Our y variable (class) is represented by a 1 or 0 in this dataset. The rest of the variables represent different characteristics of the tumors in question. All of these features represent a ranking from 1 to 10 of the relative magnitudes (largenesses or smallnesses) of each variable. We have a few problems with this dataset:

  1. Since these measurements are not exactly direct measurements of the tumors, our data is strictly stuck between 1 or 10. This isn’t like ratio or interval data, this dataset behaves like ordinal data.
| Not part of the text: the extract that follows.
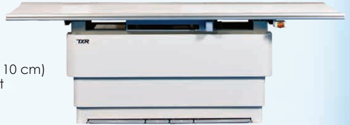
S-HL 4 WAY FLOAT TOP ELEVATING TABLE

What this means is that instead of having the data having an absolute zero (like height), or having it range freely from negative to positive values, or having decimal values, we’re stuck with positive integers {1, 2, 3, …, 10} and that’s it.
  2. We have nine variables here, which means that it might become harder to predict our class. Some variables will not help us in making these predictions, and so we might need to eliminate them.
  3. Having nine variables here makes it so much harder to visualize. We can’t do the Petal.length and Petal.width scatterplot graph I did in my previous post. And no, a boxplot visualization will not help, since as mentioned before, our dataset behaves ordinally.
  4. The variable bare has dirty data that needs cleaning. We already filtered that in the previous code. I feel like a whole other post should be dedicated to data cleaning.

Exploratory Data Analysis

Let’s take a look at what these variables look like. We can’t use a boxplot to show this, since this isn’t continuous, it might be wise to plot a bar graph with different facets for this visualization.
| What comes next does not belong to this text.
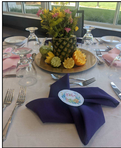
[top left] On July 20, Meadowlark Ambassadors served a variety of lollipops and delicious lemonade for celebrated to celebrate National Lollipop Day. [top right] Meadowlark hosted a Luau Dinner for 40 attendees on July 23.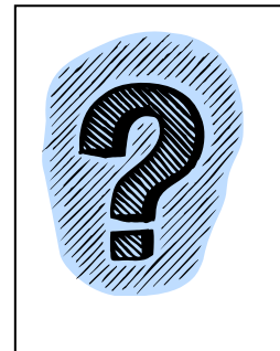
31 May 2010 (End date)

Let’s see what that looks like for each class:

gather(breastcancer, key, value, -class) %>% 
mutate(class = recode(class,
`1` = 'Malignant',
`0` = 'Benign') %>% as.character()) %>%
ggplot(aes(x = value)) +
geom_bar(aes(fill = class)) +
facet_wrap(~ key, nrow = 3, ncol = 3)

Before we take a step further, we have to make clear what we want in this visualization. Personally, from here, I want to find a way to decrease the number of variables we can work with so we can visualize their relationship in easy charts. Decreasing the number of variables (or dimensionality reduction) is normally done with more variables than now, but it would be wise for the reader to know that this exists.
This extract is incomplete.